Este documento es importante ya que trata de un estudio realizado por prestigiosos académicos de los Estados Unidos de América. El artículo da a conocer interesantes estadísticas referentes a que el arbitraje internacional mantiene el mismo nivel de imparcialidad entre Estados e inversionistas privados.
Arbitration fair on developing countries, says new research
24 June 2009
Concerns that investment treaty arbitration is biased against developing countries could be allayed following the publication of new research.
Susan Franck, the academic behind the research, says she set out to test whether investment arbitration is the equivalent of "tossing a two-headed coin", as some states may believe. Her findings appear in Development and Outcomes of Investment Treaty Arbitration which is available online here and will be published in the Harvard International Law Journal later this summer.
Franck, who is associate professor at Washington and Lee University's School of Law, examined a sample of arbitration awards looking for a statistically significant link between the development status of the respondent, the presiding arbitrator's background, and the outcome.
Franck assigned a value to the development status of respondent states by looking at whether the nation is a member of the OECD, and where it ranks in the World Bank classification system of High Income, Upper-Middle Income, Lower-Middle Income and Low Income countries. She did the same for the presiding arbitrators in 49 tribunals, according to the level of economic development in their home nation. Franck then looked for interactions that might show up in the outcomes of cases. The data came from a sample of 102 investment treaty awards in 82 cases that were publicly available before 1 June 2006.
She concludes that "there is no general statistically significant bias at this stage" between the development status of a respondent state, the presiding arbitrator's home country, and whether the state wins or loses at arbitration. "The consistency in these results offers a powerful narrative that there is procedural integrity in investment arbitration," Franck says.

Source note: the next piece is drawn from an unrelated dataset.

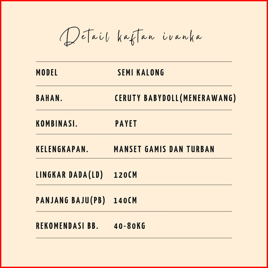 Kaftan Ivanka By Naufal Kaftan Full Payet Free Inner Gamis Dan Turban
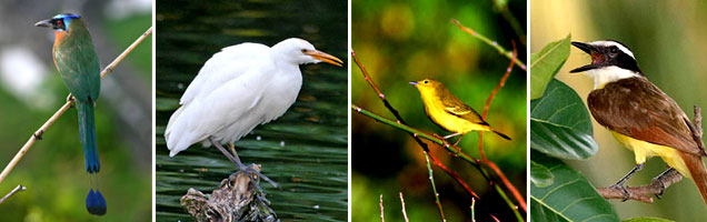 FROM LEFT TO RIGHT, SOME OF THE BIRD SPECIES YOU MAY SEE AT AMATIERRA: BLUE-CROWNED MOTMOT, CATTLE EGRET, YELLOW WARBLER, GREAT KISKADEE.[/vc_column_text][/vc_column][vc_column width=”1/4″][vc_column_text]

At a practical level, the survey offers food for thought for counsel and arbitrators when it considers the impact of presiding arbitrators' origin, and the development status of the respondent, on the amounts awarded. In two "simple effects" the research identified a propensity for tribunals to make smaller awards against Higher Income countries, as compared to Upper-Middle Income and Low-Income countries.
But Franck warns that these effects are based on limited data, and are influenced by two cases where the awards were very low, Maffezini v Spain and ADF Group Inc v US. She says Maffezini had the lowest damages claimed amongst the data set at approximately USD$155,314 - which the respondent did not dispute.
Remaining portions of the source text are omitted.